(Records from a dataset)
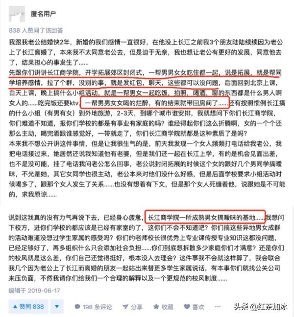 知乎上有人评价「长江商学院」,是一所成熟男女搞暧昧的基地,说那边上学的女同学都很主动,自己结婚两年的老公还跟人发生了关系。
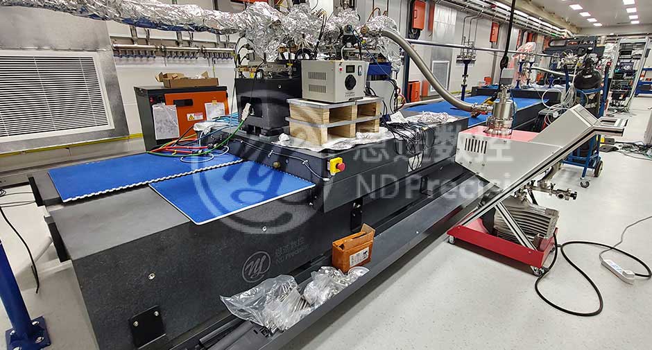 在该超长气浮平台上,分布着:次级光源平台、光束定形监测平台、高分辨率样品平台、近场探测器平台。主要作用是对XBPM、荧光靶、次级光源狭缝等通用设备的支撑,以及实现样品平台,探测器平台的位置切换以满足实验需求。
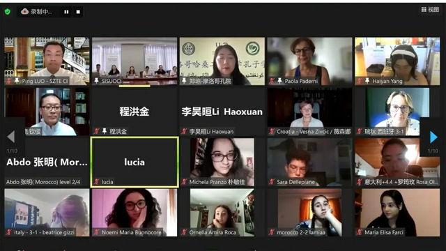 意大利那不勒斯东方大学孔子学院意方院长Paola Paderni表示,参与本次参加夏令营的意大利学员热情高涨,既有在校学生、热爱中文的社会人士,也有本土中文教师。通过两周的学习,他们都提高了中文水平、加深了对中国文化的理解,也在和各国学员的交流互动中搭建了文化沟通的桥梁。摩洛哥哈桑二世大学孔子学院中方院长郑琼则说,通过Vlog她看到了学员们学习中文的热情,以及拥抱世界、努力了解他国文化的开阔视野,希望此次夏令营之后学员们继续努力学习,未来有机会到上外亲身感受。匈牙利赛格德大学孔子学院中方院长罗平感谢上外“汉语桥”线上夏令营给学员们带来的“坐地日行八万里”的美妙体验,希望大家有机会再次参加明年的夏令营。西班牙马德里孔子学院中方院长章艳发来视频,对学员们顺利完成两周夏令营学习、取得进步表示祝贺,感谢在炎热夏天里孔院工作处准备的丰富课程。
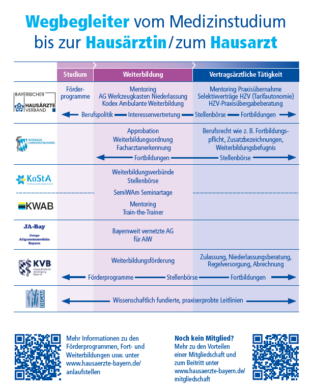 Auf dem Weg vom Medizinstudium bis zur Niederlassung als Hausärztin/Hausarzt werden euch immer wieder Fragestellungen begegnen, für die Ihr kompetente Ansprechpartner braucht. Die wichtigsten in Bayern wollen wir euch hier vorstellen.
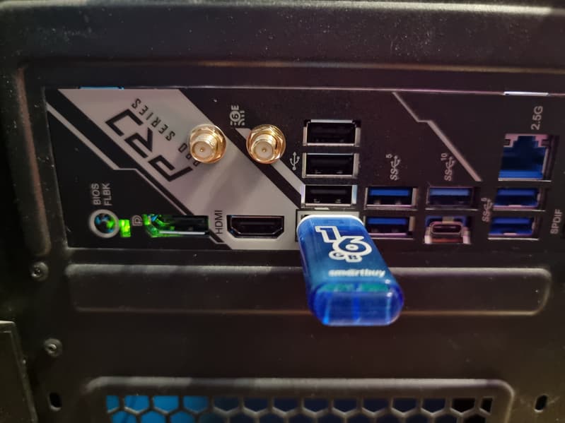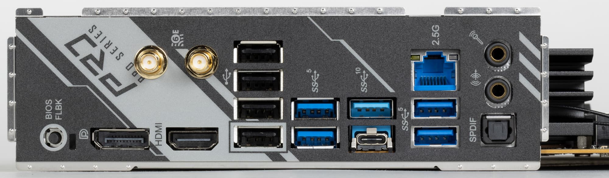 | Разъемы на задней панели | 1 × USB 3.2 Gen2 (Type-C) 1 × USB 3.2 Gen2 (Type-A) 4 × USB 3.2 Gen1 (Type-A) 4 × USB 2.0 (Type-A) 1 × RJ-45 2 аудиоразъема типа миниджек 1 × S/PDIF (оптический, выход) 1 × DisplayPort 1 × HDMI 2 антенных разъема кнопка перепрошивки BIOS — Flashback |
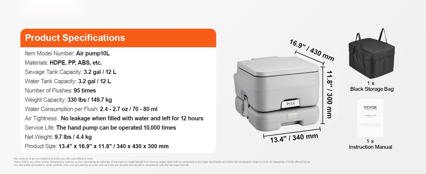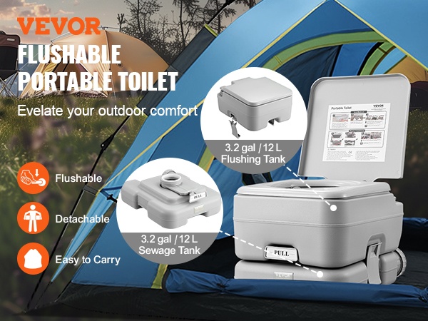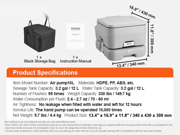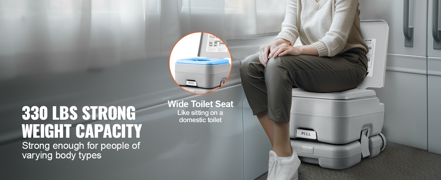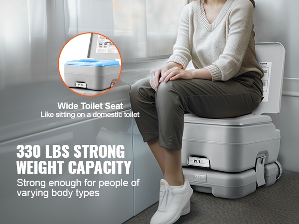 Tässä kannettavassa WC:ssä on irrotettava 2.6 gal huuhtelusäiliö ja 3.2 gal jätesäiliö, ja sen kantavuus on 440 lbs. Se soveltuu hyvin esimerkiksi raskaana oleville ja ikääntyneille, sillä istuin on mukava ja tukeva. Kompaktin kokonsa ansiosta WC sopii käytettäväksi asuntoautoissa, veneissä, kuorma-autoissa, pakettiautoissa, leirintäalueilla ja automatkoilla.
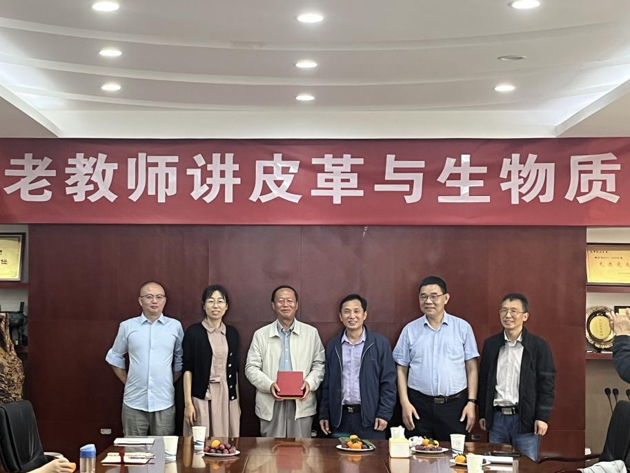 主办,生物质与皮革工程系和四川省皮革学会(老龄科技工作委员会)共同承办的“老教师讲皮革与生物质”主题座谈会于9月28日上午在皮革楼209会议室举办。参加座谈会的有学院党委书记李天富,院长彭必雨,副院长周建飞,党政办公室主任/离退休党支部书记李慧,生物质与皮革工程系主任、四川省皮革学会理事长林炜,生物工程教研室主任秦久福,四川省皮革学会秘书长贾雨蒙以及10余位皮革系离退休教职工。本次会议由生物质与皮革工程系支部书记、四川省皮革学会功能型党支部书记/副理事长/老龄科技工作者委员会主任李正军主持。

_Instructions to follow_. Write all the entries again word for word, minus the pictures.

_Answer to this task_.
 知乎上有人评价「长江商学院」,是一所成熟男女搞暧昧的基地,说那边上学的女同学都很主动,自己结婚两年的老公还跟人发生了关系。
 在该超长气浮平台上,分布着:次级光源平台、光束定形监测平台、高分辨率样品平台、近场探测器平台。主要作用是对XBPM、荧光靶、次级光源狭缝等通用设备的支撑,以及实现样品平台,探测器平台的位置切换以满足实验需求。
 意大利那不勒斯东方大学孔子学院意方院长Paola Paderni表示,参与本次参加夏令营的意大利学员热情高涨,既有在校学生、热爱中文的社会人士,也有本土中文教师。通过两周的学习,他们都提高了中文水平、加深了对中国文化的理解,也在和各国学员的交流互动中搭建了文化沟通的桥梁。摩洛哥哈桑二世大学孔子学院中方院长郑琼则说,通过Vlog她看到了学员们学习中文的热情,以及拥抱世界、努力了解他国文化的开阔视野,希望此次夏令营之后学员们继续努力学习,未来有机会到上外亲身感受。匈牙利赛格德大学孔子学院中方院长罗平感谢上外“汉语桥”线上夏令营给学员们带来的“坐地日行八万里”的美妙体验,希望大家有机会再次参加明年的夏令营。西班牙马德里孔子学院中方院长章艳发来视频,对学员们顺利完成两周夏令营学习、取得进步表示祝贺,感谢在炎热夏天里孔院工作处准备的丰富课程。
 Auf dem Weg vom Medizinstudium bis zur Niederlassung als Hausärztin/Hausarzt werden euch immer wieder Fragestellungen begegnen, für die Ihr kompetente Ansprechpartner braucht. Die wichtigsten in Bayern wollen wir euch hier vorstellen.
 | Разъемы на задней панели | 1 × USB 3.2 Gen2 (Type-C) 1 × USB 3.2 Gen2 (Type-A) 4 × USB 3.2 Gen1 (Type-A) 4 × USB 2.0 (Type-A) 1 × RJ-45 2 аудиоразъема типа миниджек 1 × S/PDIF (оптический, выход) 1 × DisplayPort 1 × HDMI 2 антенных разъема кнопка перепрошивки BIOS — Flashback |
 Tässä kannettavassa WC:ssä on irrotettava 2.6 gal huuhtelusäiliö ja 3.2 gal jätesäiliö, ja sen kantavuus on 440 lbs. Se soveltuu hyvin esimerkiksi raskaana oleville ja ikääntyneille, sillä istuin on mukava ja tukeva. Kompaktin kokonsa ansiosta WC sopii käytettäväksi asuntoautoissa, veneissä, kuorma-autoissa, pakettiautoissa, leirintäalueilla ja automatkoilla.
 主办,生物质与皮革工程系和四川省皮革学会(老龄科技工作委员会)共同承办的“老教师讲皮革与生物质”主题座谈会于9月28日上午在皮革楼209会议室举办。参加座谈会的有学院党委书记李天富,院长彭必雨,副院长周建飞,党政办公室主任/离退休党支部书记李慧,生物质与皮革工程系主任、四川省皮革学会理事长林炜,生物工程教研室主任秦久福,四川省皮革学会秘书长贾雨蒙以及10余位皮革系离退休教职工。本次会议由生物质与皮革工程系支部书记、四川省皮革学会功能型党支部书记/副理事长/老龄科技工作者委员会主任李正军主持。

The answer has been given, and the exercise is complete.